Nama:Wirda Tsaniya Sahla
Kelas:XI-7
Rumah yang Selalu Ada
Aku duduk di beranda rumah, menatap senja yang mulai mengubah langit menjadi merah jingga. Angin sore yang sejuk membawa kenangan tentang rumah ini, tempat aku dibesarkan. Rumah yang tak besar, namun selalu penuh dengan tawa, cerita, dan cinta. Di sinilah aku belajar tentang arti keluarga—bukan hanya sebagai tempat tinggal, tetapi juga sebagai sumber kekuatan dan kedamaian.

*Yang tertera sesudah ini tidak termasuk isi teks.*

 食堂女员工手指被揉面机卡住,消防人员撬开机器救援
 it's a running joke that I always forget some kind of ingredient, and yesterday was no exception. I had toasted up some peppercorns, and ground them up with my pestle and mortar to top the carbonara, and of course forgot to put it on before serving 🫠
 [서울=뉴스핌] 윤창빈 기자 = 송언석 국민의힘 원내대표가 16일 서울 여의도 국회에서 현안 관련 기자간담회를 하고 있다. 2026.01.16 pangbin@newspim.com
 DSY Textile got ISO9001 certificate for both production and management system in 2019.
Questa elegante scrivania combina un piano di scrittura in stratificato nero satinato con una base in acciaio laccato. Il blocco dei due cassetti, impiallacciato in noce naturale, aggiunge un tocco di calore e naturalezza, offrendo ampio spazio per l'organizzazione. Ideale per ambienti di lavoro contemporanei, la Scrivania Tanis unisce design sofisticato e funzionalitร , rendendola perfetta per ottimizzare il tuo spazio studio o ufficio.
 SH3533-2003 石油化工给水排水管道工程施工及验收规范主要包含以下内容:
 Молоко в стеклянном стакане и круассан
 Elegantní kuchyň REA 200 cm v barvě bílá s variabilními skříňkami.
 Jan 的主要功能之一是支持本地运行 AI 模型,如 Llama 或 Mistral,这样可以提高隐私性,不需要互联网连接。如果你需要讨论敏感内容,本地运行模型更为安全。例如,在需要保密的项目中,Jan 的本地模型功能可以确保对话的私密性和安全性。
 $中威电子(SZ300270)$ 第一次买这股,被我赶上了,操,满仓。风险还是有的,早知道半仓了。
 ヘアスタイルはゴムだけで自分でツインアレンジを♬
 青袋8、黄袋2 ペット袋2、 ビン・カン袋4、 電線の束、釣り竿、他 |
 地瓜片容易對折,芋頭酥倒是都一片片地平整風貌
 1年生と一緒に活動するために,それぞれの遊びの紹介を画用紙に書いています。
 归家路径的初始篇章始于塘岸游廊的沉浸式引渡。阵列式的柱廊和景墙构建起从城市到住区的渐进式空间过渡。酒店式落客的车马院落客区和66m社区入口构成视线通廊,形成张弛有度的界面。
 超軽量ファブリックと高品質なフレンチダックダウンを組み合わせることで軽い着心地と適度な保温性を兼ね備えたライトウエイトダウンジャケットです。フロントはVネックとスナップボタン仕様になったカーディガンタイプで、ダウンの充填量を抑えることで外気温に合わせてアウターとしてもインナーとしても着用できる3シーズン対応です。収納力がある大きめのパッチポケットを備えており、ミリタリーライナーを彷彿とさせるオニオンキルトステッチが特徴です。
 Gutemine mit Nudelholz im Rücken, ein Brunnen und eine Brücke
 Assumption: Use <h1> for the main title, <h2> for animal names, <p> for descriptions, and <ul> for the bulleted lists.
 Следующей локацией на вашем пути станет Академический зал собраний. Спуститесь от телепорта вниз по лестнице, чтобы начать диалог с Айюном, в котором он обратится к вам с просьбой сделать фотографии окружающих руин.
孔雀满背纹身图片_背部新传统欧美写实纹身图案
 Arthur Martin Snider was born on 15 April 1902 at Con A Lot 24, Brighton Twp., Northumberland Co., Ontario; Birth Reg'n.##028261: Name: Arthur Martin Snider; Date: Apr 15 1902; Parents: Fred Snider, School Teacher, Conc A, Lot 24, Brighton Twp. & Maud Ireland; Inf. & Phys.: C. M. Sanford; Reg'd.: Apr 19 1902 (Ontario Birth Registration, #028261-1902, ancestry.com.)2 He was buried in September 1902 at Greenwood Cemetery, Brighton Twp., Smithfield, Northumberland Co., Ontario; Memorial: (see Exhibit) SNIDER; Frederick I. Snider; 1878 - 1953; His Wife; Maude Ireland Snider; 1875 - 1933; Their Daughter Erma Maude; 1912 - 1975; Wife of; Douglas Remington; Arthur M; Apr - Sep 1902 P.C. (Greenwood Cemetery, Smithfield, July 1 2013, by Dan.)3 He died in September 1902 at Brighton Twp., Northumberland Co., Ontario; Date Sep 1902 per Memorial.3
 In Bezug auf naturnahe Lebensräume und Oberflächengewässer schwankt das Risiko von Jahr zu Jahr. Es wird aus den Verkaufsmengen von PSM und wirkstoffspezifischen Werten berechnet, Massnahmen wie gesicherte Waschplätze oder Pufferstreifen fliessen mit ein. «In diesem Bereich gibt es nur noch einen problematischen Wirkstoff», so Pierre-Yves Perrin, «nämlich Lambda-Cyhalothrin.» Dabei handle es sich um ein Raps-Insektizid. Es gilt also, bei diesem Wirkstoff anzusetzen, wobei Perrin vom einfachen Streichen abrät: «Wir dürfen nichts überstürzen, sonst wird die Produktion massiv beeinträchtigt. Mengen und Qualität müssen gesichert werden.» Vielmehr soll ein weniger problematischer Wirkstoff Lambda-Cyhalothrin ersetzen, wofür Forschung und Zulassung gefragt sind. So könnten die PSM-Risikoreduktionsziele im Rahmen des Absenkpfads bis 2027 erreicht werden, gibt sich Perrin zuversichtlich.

Ayahku adalah sosok yang selalu bekerja keras, tidak banyak bicara, tapi setiap detik yang dia habiskan di rumah adalah untuk keluarga. Ibu, dengan senyum yang tak pernah pudar, selalu bisa membuat kami merasa tenang meski dunia di luar kadang terasa kacau. Mereka berdua adalah dua sisi yang saling melengkapi, menciptakan rumah yang hangat dan penuh kasih.
Aku teringat masa kecil, ketika setiap pagi sebelum sekolah, ibu selalu menyiapkan sarapan di meja makan. Ayah biasanya sudah pergi bekerja lebih awal, namun aku bisa mendengar suaranya dari ruang tamu, menyemangati kami untuk menjalani hari dengan baik. Tidak ada hari yang terasa sunyi di rumah ini, selalu ada suara yang menyambut kami, baik itu suara ibu yang mengingatkan untuk makan, atau ayah yang memberikan nasihat sederhana.
Namun, seperti halnya banyak keluarga, kami pun menghadapi ujian. Ketika aku duduk di bangku SMA, ayah terpaksa mengambil keputusan besar untuk pindah ke kota lain demi pekerjaan yang lebih baik. Aku dan ibu harus tinggal di rumah ini, menunggu kabar dari ayah yang kini sering pergi selama berbulan-bulan.
Hari-hari tanpa ayah terasa panjang. Aku merasakan betapa besar peranannya dalam kehidupan kami. Ibu mencoba untuk tetap kuat, namun aku tahu dia pun merindukan keberadaan ayah. Terkadang, malam-malam kami terasa lebih sepi, dan aku bisa mendengar ibu terbangun dari tidurnya, berjalan ke jendela untuk melihat apakah ada kabar dari ayah.
Waktu berlalu, dan meskipun banyak hal berubah, satu hal tetap sama: keluarga kami tetap bersama. Ayah akhirnya kembali setelah beberapa tahun bekerja di kota, dan meskipun kehadirannya tidak bisa mengembalikan waktu yang hilang, kami tahu bahwa ikatan kami tak akan pernah terputus.
Suatu sore, setelah banyak peristiwa yang kami lalui, aku duduk bersama ibu di meja makan. "Aku sering berpikir, Bu," kataku pelan, "apa yang sebenarnya membuat rumah ini terasa selalu ada, bahkan ketika ayah jauh, bahkan ketika aku mulai dewasa dan sering berada di luar."
Ibu tersenyum, lalu menjawab dengan suara lembut, "Rumah itu bukan hanya tentang tempat kita tinggal, Nak. Rumah adalah tempat di mana hati kita selalu merasa aman, di mana kita bisa menjadi diri sendiri. Keluarga, meski terpisah atau berada jauh, selalu menjadi tempat kembali."
Aku mengangguk, merasakan hangatnya kata-kata ibu. Kini aku mengerti, bahwa keluarga bukanlah tentang kedekatan fisik semata. Keluarga adalah ikatan hati yang tak terlihat, namun selalu ada, bahkan saat kita merasa sendirian. Di rumah ini, aku belajar bahwa apapun yang terjadi, rumah dan keluarga akan selalu menjadi tempat yang paling aman untuk kembali.
Dan senja itu, saat aku menatap langit yang berubah menjadi gelap, aku tahu bahwa keluarga kami, meski terkadang diuji oleh jarak dan waktu, selalu ada—seperti rumah yang tak pernah benar-benar pergi.